(Dataset records)
****

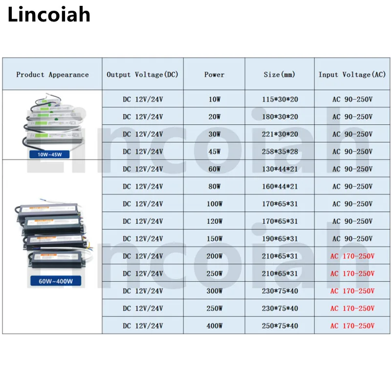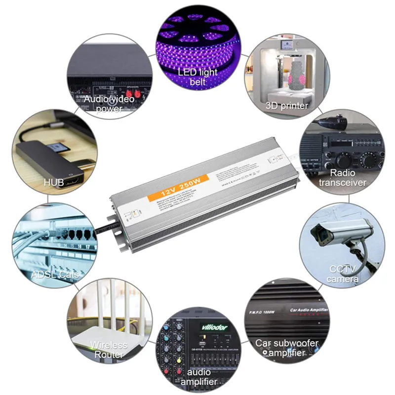 Comprar Transformadores de iluminación a prueba de agua CA 220V a CC 12 V 24V adaptador de corriente del controlador LED 10W 120W 200W 400W fuente de alimentación impermeable de 12V
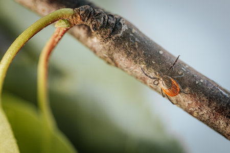 Close-Up of a Tick on a Twig in a Natural Setting, Wildlife Detail
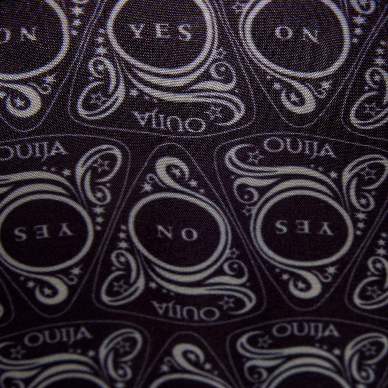 This crossbody bag is in the shape of a Ouija board planchette. You'll find ""Ouija"" written at the top and swirling designs along the front. In the center is a lenticular panel that shifts between ""Yes"" and ""No."" And the whole thing glows in the dark!
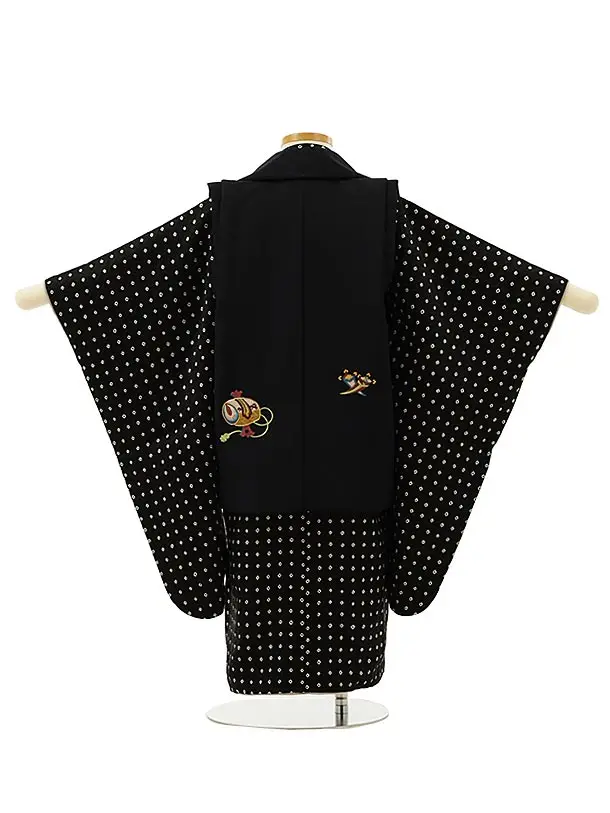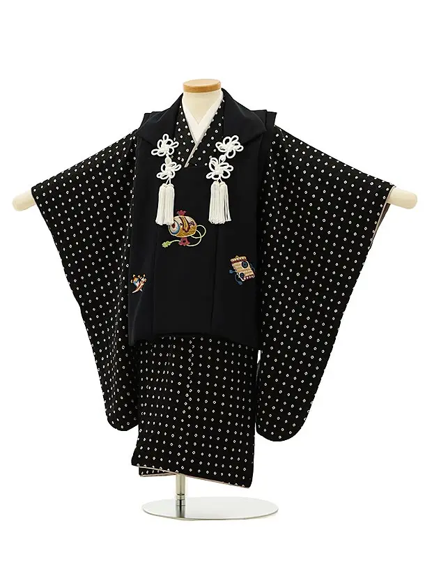 七五三レンタル(3歳男児被布)2899【正絹】黒刺繍小槌x黒
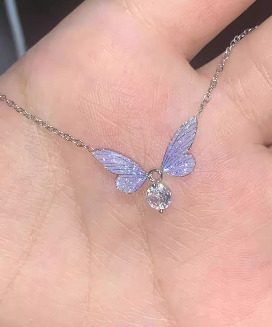 Simple Black Alloy Zircon Butterfly Pendant Necklace
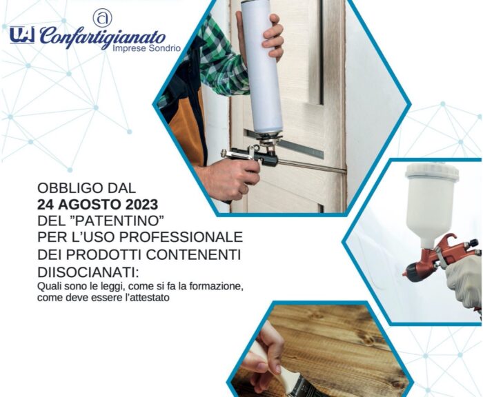 A partire dal 24 agosto 2023 vige l’obbligo di ‘patentino’ per chi usa le schiume poliuretaniche o prodotti contenenti diisocianati. In vista di tale scadenza la Tua associazione ha stretto un accordo con l’Accademia di formazione Ambrosi Partner e QSA srl, soggetto formatore accreditato, per un corso ed un esame per l’uso professionale delle schiume poliuretaniche, colle e vernici contenenti diisocianati.
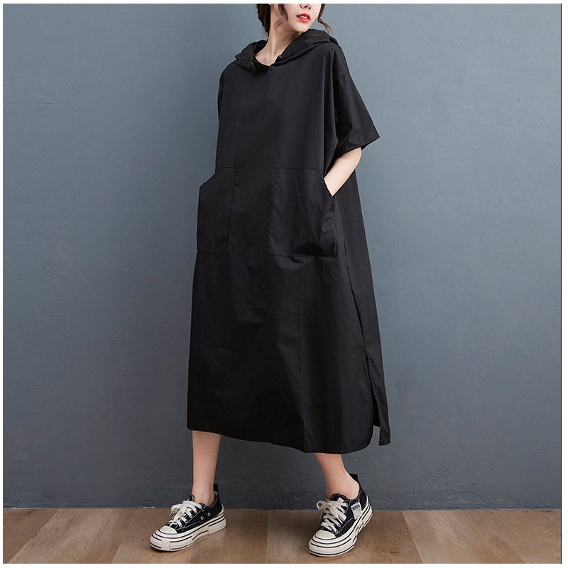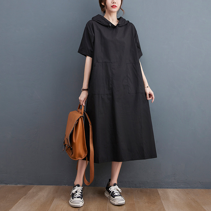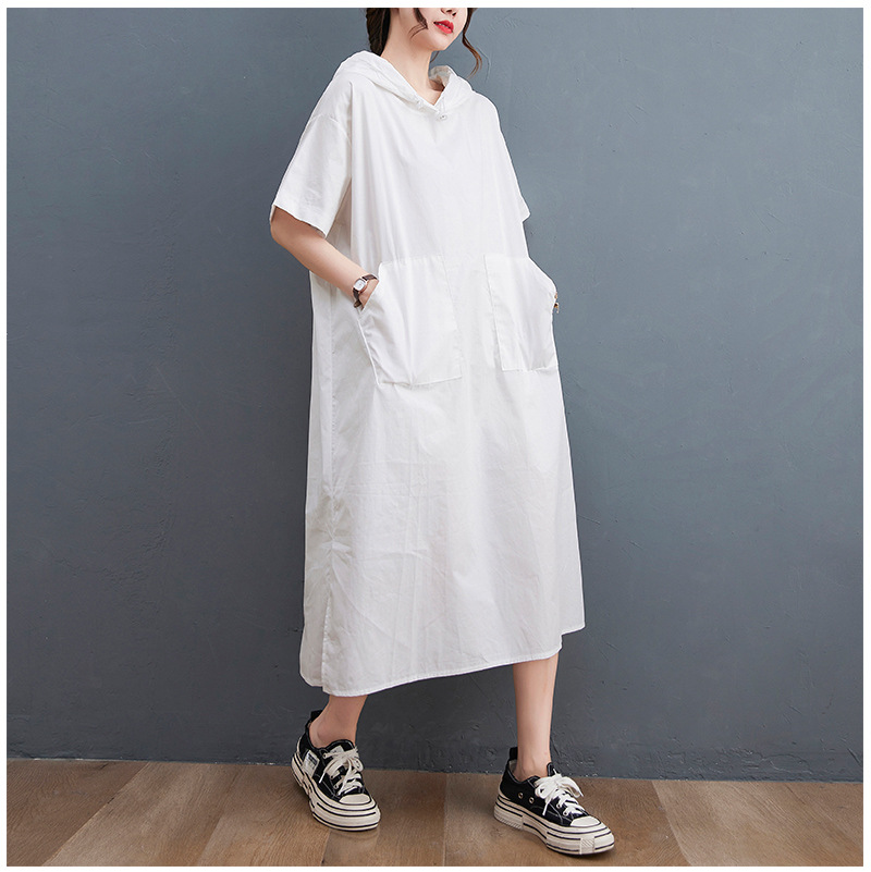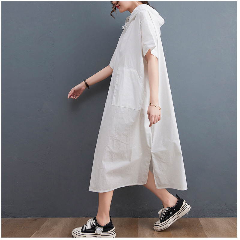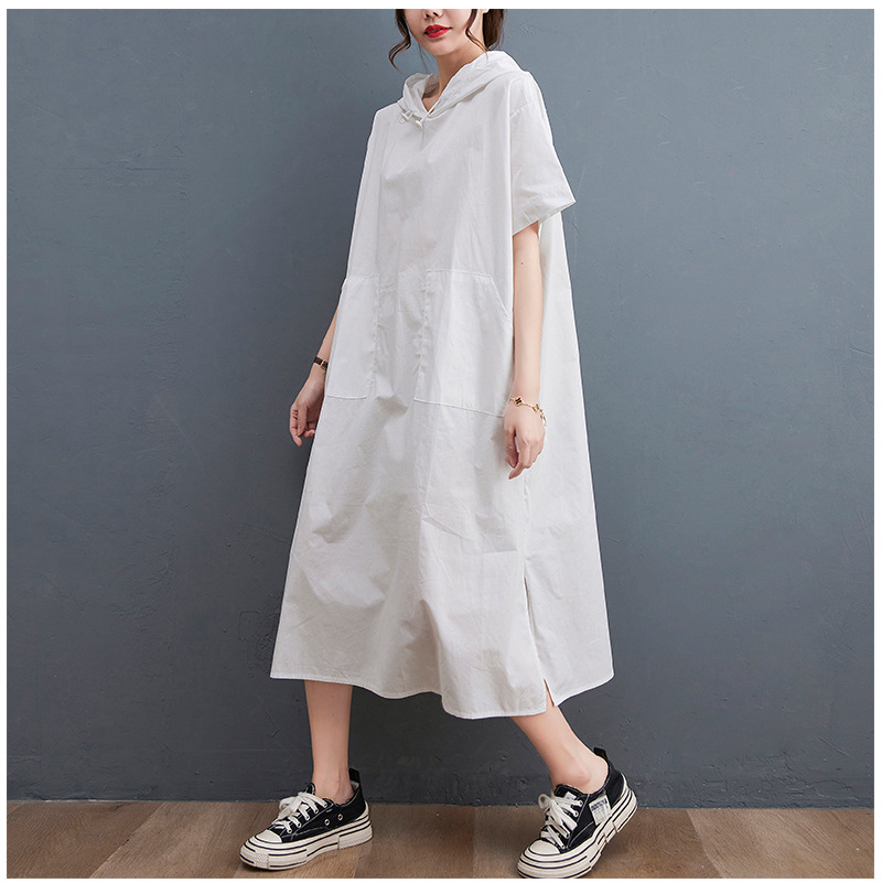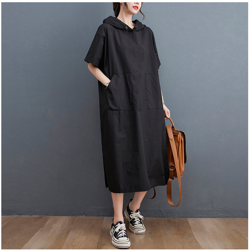 2025 Реальная стрельба Новая мода повседневная свободная большая размер с капюшоном женское платье

****

== WHAT TO PRODUCE ==
Exactly the lines starting at the one above with "This crossbody bag" and ending at the one with "七五三レンタル(3歳男児被布)2899【正絹】黒刺繍小槌x黒" should be printed, and nothing else. Omit the pictures.

== SOLUTION TO THIS PROBLEM ==
 This crossbody bag is in the shape of a Ouija board planchette. You'll find ""Ouija"" written at the top and swirling designs along the front. In the center is a lenticular panel that shifts between ""Yes"" and ""No."" And the whole thing glows in the dark!
 七五三レンタル(3歳男児被布)2899【正絹】黒刺繍小槌x黒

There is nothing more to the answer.